**EXERCISE PROMPT**
Using the entries below, copy exactly each line from the line with "Több mint 1,5" up to and including the line with "인터넷을 엄청 뒤지면..", with every picture left out.

(GIVEN DATA begins)

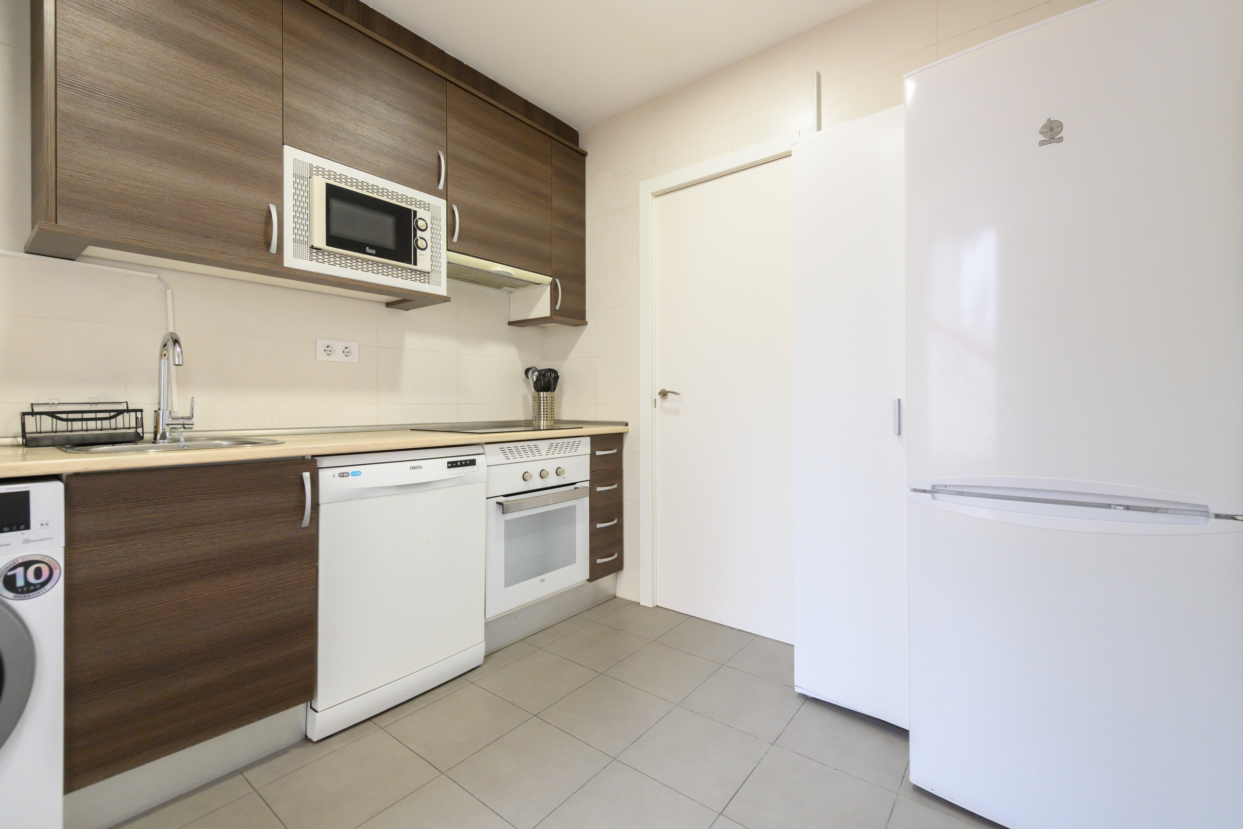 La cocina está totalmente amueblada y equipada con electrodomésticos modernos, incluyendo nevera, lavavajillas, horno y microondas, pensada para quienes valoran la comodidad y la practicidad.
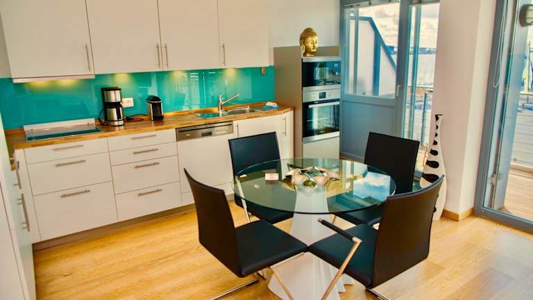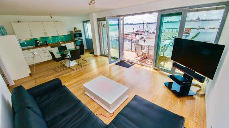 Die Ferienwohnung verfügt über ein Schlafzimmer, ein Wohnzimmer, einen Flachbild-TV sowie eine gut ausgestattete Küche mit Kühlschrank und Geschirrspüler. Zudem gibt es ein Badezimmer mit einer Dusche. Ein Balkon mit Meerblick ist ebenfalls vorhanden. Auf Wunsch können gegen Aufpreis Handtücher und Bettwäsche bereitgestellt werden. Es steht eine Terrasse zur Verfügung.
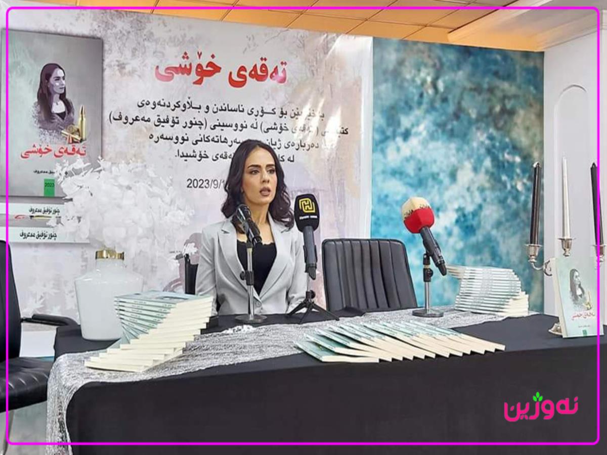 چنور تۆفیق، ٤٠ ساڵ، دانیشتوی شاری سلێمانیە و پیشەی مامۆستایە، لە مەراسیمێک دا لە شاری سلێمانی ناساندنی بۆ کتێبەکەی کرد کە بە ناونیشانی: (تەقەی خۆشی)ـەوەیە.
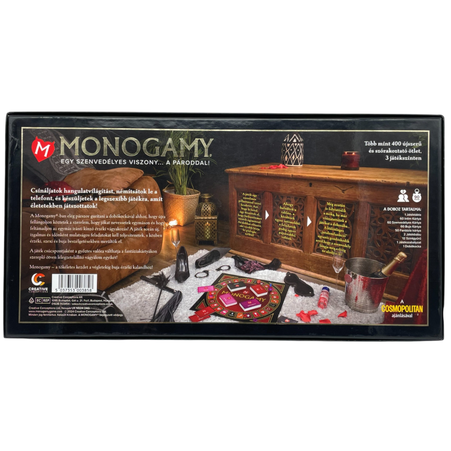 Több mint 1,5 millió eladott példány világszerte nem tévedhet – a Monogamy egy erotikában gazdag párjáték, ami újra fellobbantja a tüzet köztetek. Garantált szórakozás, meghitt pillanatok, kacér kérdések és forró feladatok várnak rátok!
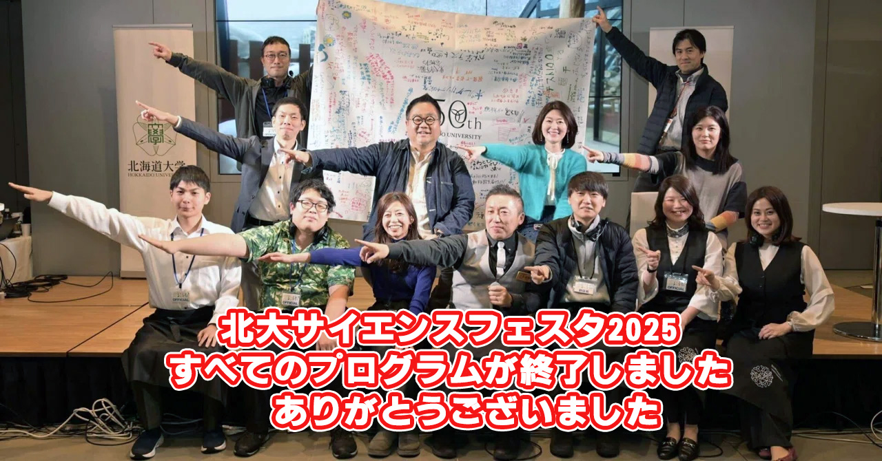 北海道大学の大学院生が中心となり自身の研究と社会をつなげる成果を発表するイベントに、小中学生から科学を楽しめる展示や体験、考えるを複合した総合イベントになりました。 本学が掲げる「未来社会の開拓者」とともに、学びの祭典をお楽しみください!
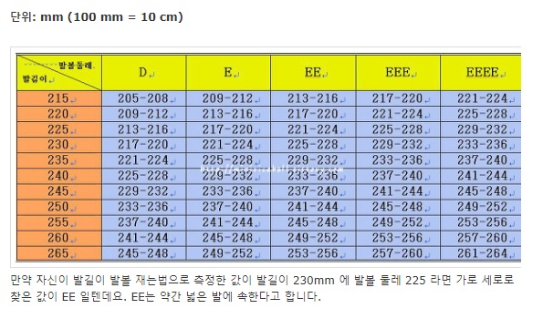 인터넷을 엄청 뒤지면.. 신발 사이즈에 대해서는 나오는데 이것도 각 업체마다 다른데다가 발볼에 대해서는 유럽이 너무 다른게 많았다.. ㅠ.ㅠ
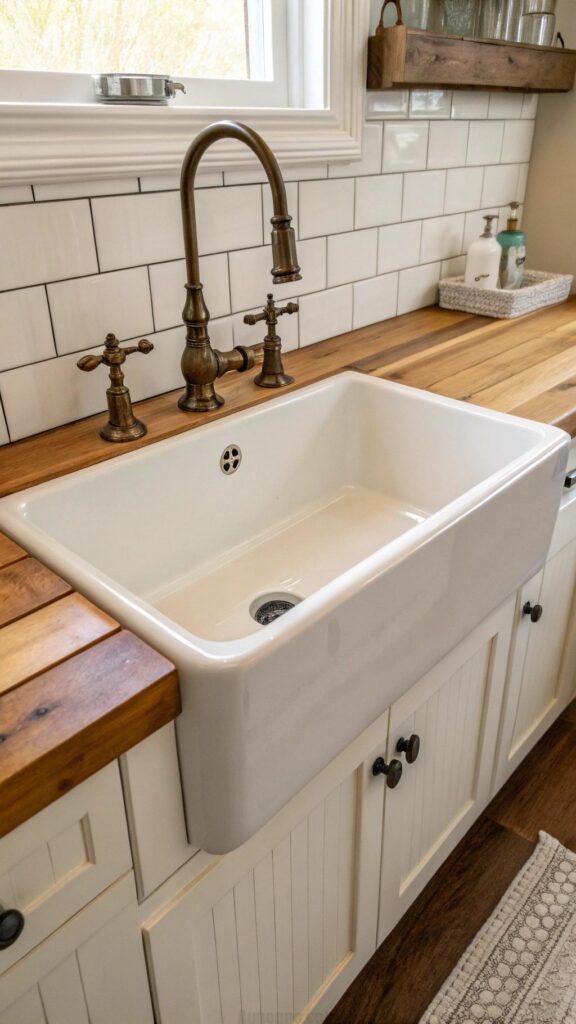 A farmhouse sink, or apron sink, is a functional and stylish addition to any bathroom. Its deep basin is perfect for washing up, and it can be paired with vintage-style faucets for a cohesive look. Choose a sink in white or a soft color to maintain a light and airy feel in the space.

(GIVEN DATA ends)

**WORKED SOLUTION**
 Több mint 1,5 millió eladott példány világszerte nem tévedhet – a Monogamy egy erotikában gazdag párjáték, ami újra fellobbantja a tüzet köztetek. Garantált szórakozás, meghitt pillanatok, kacér kérdések és forró feladatok várnak rátok!
 北海道大学の大学院生が中心となり自身の研究と社会をつなげる成果を発表するイベントに、小中学生から科学を楽しめる展示や体験、考えるを複合した総合イベントになりました。 本学が掲げる「未来社会の開拓者」とともに、学びの祭典をお楽しみください!
 인터넷을 엄청 뒤지면.. 신발 사이즈에 대해서는 나오는데 이것도 각 업체마다 다른데다가 발볼에 대해서는 유럽이 너무 다른게 많았다.. ㅠ.ㅠ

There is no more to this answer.